Registrant’s telephone number, including area code: (913) 928-6060


Check the appropriate box below if the Form 8-K filing is intended to simultaneously satisfy the filing obligation of the registrant under any of the following provisions:

Written communications pursuant to Rule 425 under the Securities Act (17 CFR 230.425)

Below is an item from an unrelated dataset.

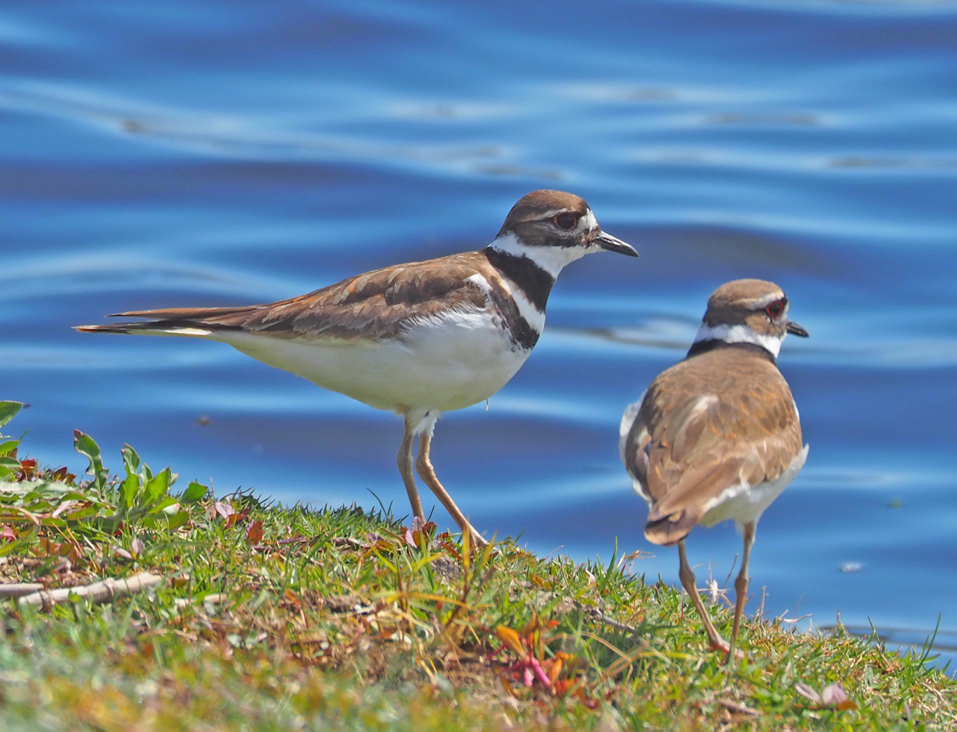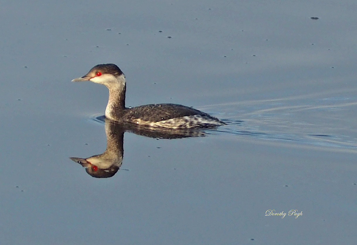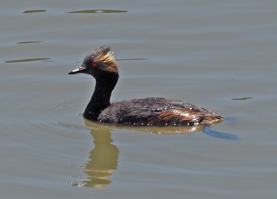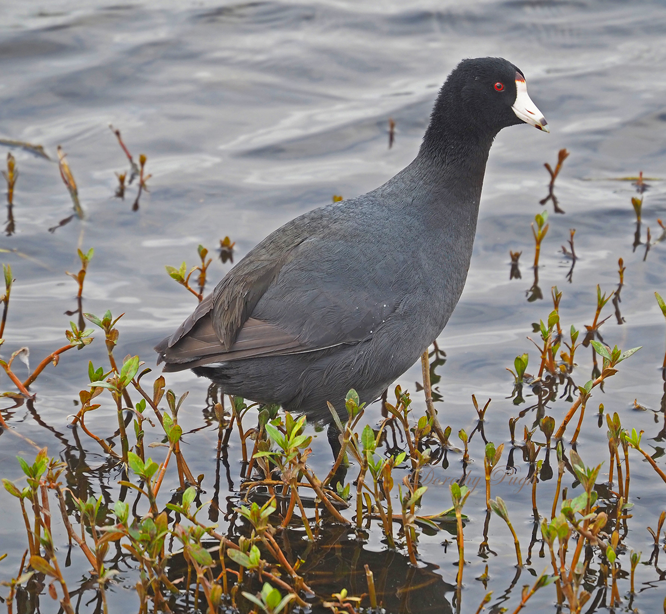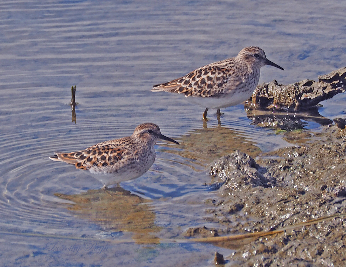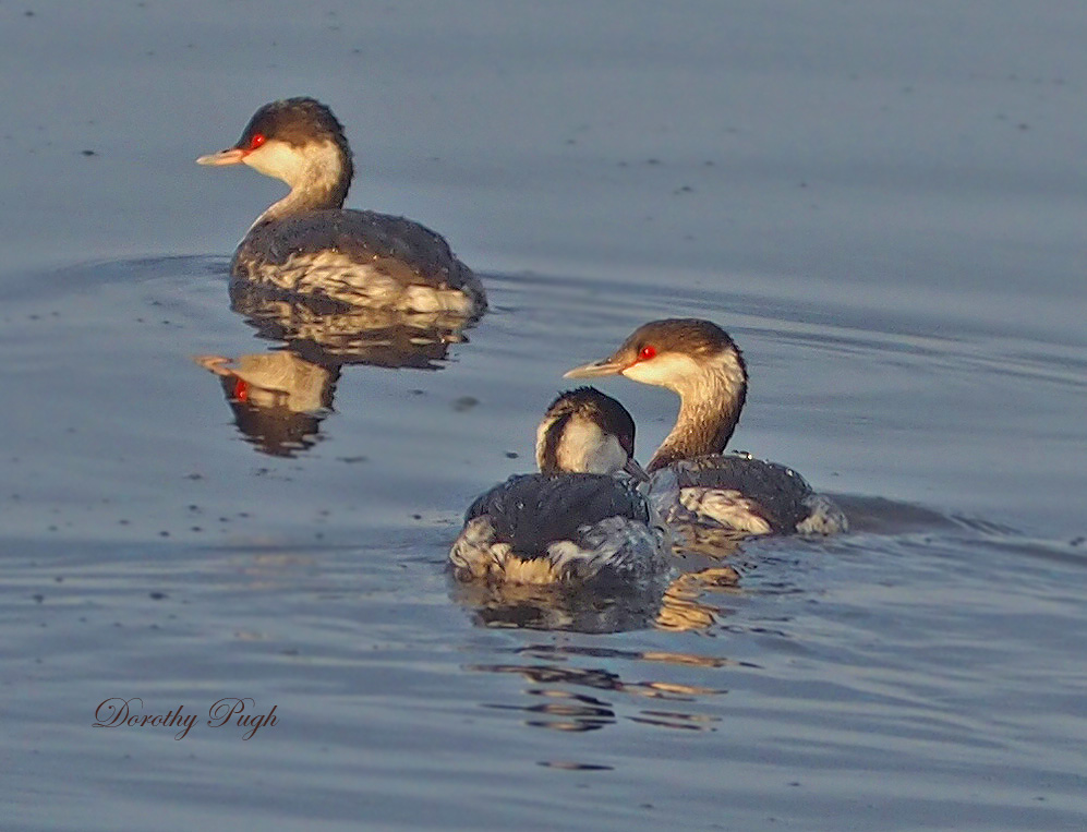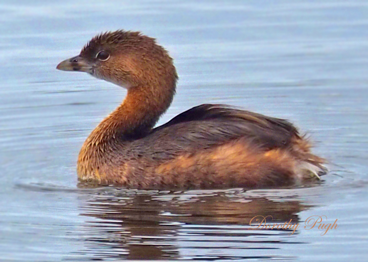 are a few birds in the water, which I'd guess to be Pied-bill Grebes.

Soliciting material pursuant to Rule 14a-12 under the Exchange Act (17 CFR 240.14a-12)

Pre-commencement communications pursuant to Rule 14d-2(b) under the Exchange Act (17 CFR 240.14d-2(b))

Pre-commencement communications pursuant to Rule 13e-4(c) under the Exchange Act (17 CFR 240.13e-4(c))


Item 8.01.     Other Events.

Potential Acquisition

Tallgrass Development, LP has offered Tallgrass Energy Partners, LP (the “Partnership”) the right to purchase a 33.3% interest in Tallgrass Pony Express Pipeline, LLC (the “Potential Pony Acquisition”).  If consummated, this would increase the Partnership's ownership interest in the pipeline to 66.7%.  Terms of the offer have not been finalized and may be modified upon completion of the ongoing open seasons for the expansion of the Pony Express crude oil pipeline system.  In conjunction with the proposed transaction, it is expected that the parties will seek clearance from the Federal Trade Commission under the Hart-Scott-Rodino Antitrust Improvements Act.  

Pony Express owns an approximately 690-mile crude oil pipeline commencing in Guernsey, Wyoming, and terminating in Cushing, Oklahoma, with delivery points at the Ponca City Refinery and at Deeprock in Cushing. Upon completion of ongoing construction, Pony Express also will own an approximately 66-mile lateral in Northeast Colorado that will commence in Weld County and interconnect with the Pony Express mainline just east of Sterling, Colorado. The lateral in Northeast Colorado is expected to be in service sometime during the first half of 2015. Pony Express is currently conducting open seasons to solicit commitments for incremental crude oil transportation service that is expected to be operational in the second half of 2016, with interim capacity of approximately 100,000 barrels/day available beginning in mid-2015.

On January 8, 2015, the Partnership issued a press release related to the foregoing. A copy of the press release is attached as Exhibit 99.1 to this Current Report on Form 8-K.

This current report includes “forward-looking statements.” All statements, other than statements of historical facts, included in this Form 8-K that address activities, events or developments that the Partnership expects, believes or anticipates will or may occur in the future are forward-looking statements. These statements include but are not limited to forward-looking statements about the Potential Pony Acquisition and the potential expansion of the Pony Express crude oil pipeline system. Such statements are subject to a number of assumptions, risks and uncertainties, many of which are beyond the control of the Partnership, which may cause actual results to differ materially from those implied or expressed by the forward-looking statements. These include risks relating to market conditions, satisfaction of closing conditions, the Partnership’s financial performance and results, future equity issuances, changes in distribution levels and other important factors that could prevent the Potential Pony Acquisition from being consummated, including those set forth in reports filed by the Partnership with the Securities and Exchange Commission. Any forward-looking statement speaks only as of the date on which such statement is made and the Partnership undertakes no obligation to correct or update any forward-looking statement, whether as a result of new information, future events or otherwise, except as required by law.

Item 9.01.     Financial Statements and Exhibits.

 (d)    Exhibits

  EXHIBIT

NUMBER

  DESCRIPTION
99.1 Press Release, dated January 8, 2015.


SIGNATURES

Pursuant to the requirements of the Securities Exchange Act of 1934, the registrant has duly caused this report to be signed on its behalf by the undersigned hereunto duly authorized.

  TALLGRASS ENERGY PARTNERS, LP
By:   Tallgrass MLP GP, LLC,
its general partner
 
By:

/s/ Gary J. Brauchle

Gary J. Brauchle

Executive Vice President, Chief Executive

Officer and Treasurer

Date: January 8, 2015


INDEX TO EXHIBITS

   
EXHIBIT

NUMBER

DESCRIPTION
99.1 Press Release, dated January 8, 2015.